THE DATA:
************
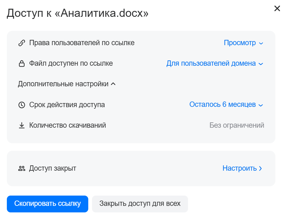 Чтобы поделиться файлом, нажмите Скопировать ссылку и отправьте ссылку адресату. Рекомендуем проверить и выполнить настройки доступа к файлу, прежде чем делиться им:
************
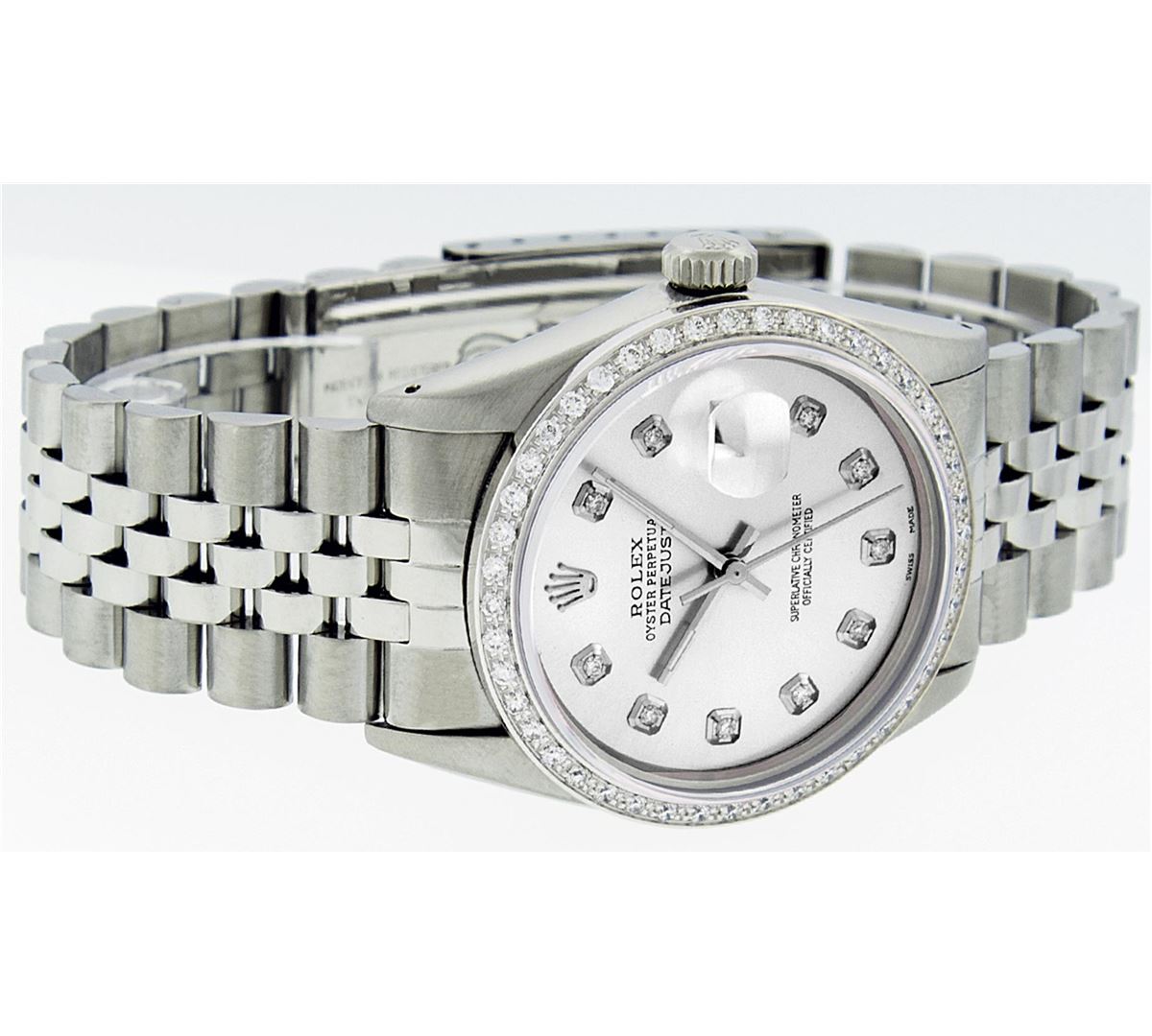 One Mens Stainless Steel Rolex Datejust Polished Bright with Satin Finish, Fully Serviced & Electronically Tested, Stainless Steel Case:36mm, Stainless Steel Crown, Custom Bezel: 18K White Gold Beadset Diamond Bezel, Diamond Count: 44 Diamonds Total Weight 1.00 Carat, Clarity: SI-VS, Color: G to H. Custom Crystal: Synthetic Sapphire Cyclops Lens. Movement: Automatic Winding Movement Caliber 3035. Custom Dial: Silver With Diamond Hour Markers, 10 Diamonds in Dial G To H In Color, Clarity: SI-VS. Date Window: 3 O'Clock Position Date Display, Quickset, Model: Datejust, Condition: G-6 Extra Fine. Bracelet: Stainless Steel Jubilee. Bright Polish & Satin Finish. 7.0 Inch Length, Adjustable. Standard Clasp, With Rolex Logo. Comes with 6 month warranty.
************
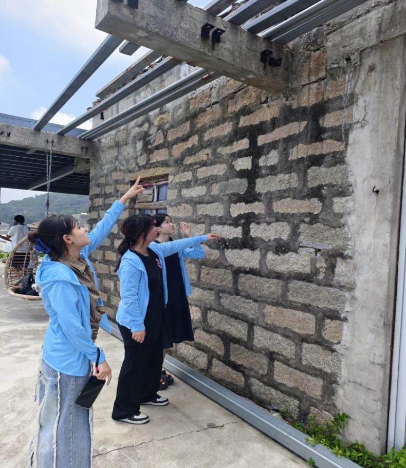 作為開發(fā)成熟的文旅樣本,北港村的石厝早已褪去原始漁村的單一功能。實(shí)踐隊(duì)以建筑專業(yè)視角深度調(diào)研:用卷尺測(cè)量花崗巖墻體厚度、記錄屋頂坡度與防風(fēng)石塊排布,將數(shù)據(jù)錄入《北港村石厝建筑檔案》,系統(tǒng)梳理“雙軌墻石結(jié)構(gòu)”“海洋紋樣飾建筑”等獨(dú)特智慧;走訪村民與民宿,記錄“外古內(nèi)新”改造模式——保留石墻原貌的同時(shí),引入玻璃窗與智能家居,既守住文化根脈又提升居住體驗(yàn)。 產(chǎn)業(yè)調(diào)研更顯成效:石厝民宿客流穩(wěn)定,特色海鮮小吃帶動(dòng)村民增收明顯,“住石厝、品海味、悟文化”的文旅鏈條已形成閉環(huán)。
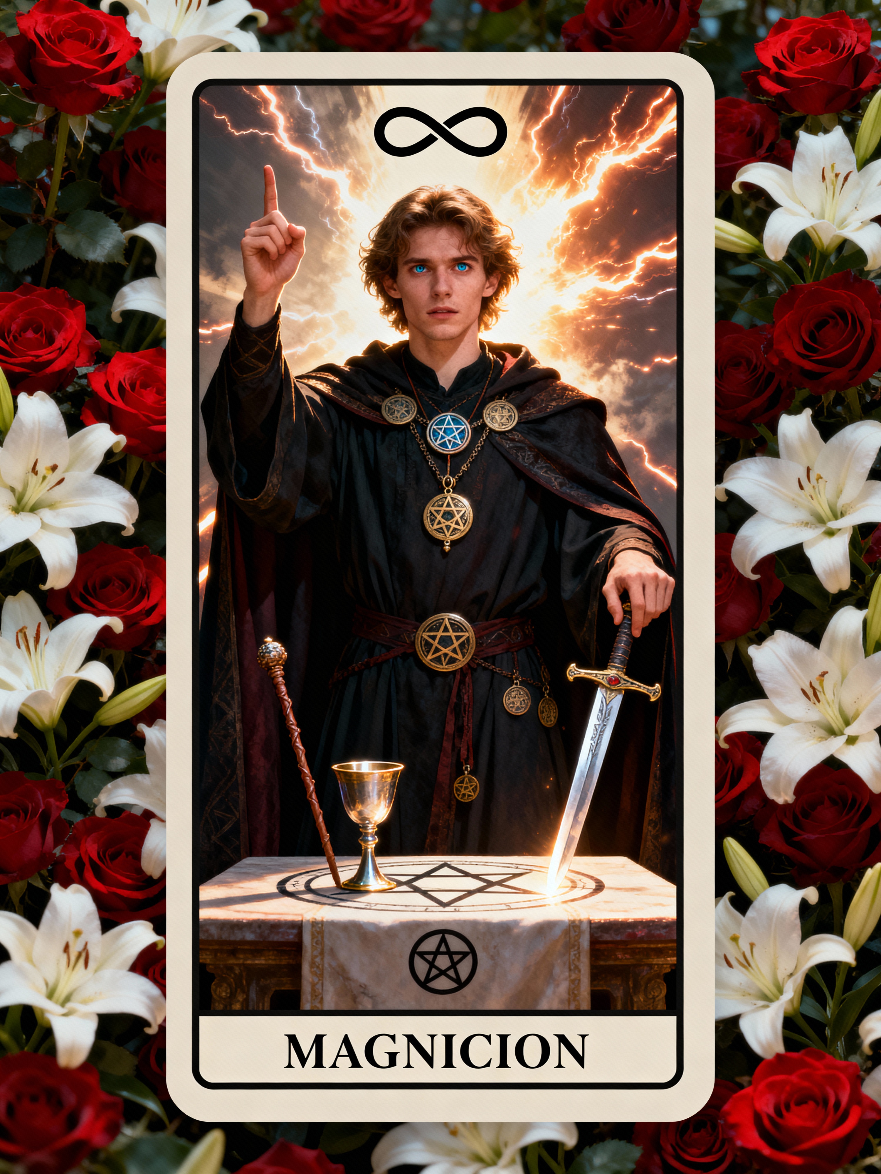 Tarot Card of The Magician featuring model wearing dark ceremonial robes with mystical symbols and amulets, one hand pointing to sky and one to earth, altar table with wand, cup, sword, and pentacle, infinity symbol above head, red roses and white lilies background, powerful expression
************
EXERCISE REQUIREMENTS: Leaving out all pictures, set down exactly the lines of the material above, from the line with "作為開發(fā)成熟的文旅樣" to the line with "Tarot Card of" inclusive, and no others.

TASK SOLUTION:
 作為開發(fā)成熟的文旅樣本,北港村的石厝早已褪去原始漁村的單一功能。實(shí)踐隊(duì)以建筑專業(yè)視角深度調(diào)研:用卷尺測(cè)量花崗巖墻體厚度、記錄屋頂坡度與防風(fēng)石塊排布,將數(shù)據(jù)錄入《北港村石厝建筑檔案》,系統(tǒng)梳理“雙軌墻石結(jié)構(gòu)”“海洋紋樣飾建筑”等獨(dú)特智慧;走訪村民與民宿,記錄“外古內(nèi)新”改造模式——保留石墻原貌的同時(shí),引入玻璃窗與智能家居,既守住文化根脈又提升居住體驗(yàn)。 產(chǎn)業(yè)調(diào)研更顯成效:石厝民宿客流穩(wěn)定,特色海鮮小吃帶動(dòng)村民增收明顯,“住石厝、品海味、悟文化”的文旅鏈條已形成閉環(huán)。
 Tarot Card of The Magician featuring model wearing dark ceremonial robes with mystical symbols and amulets, one hand pointing to sky and one to earth, altar table with wand, cup, sword, and pentacle, infinity symbol above head, red roses and white lilies background, powerful expression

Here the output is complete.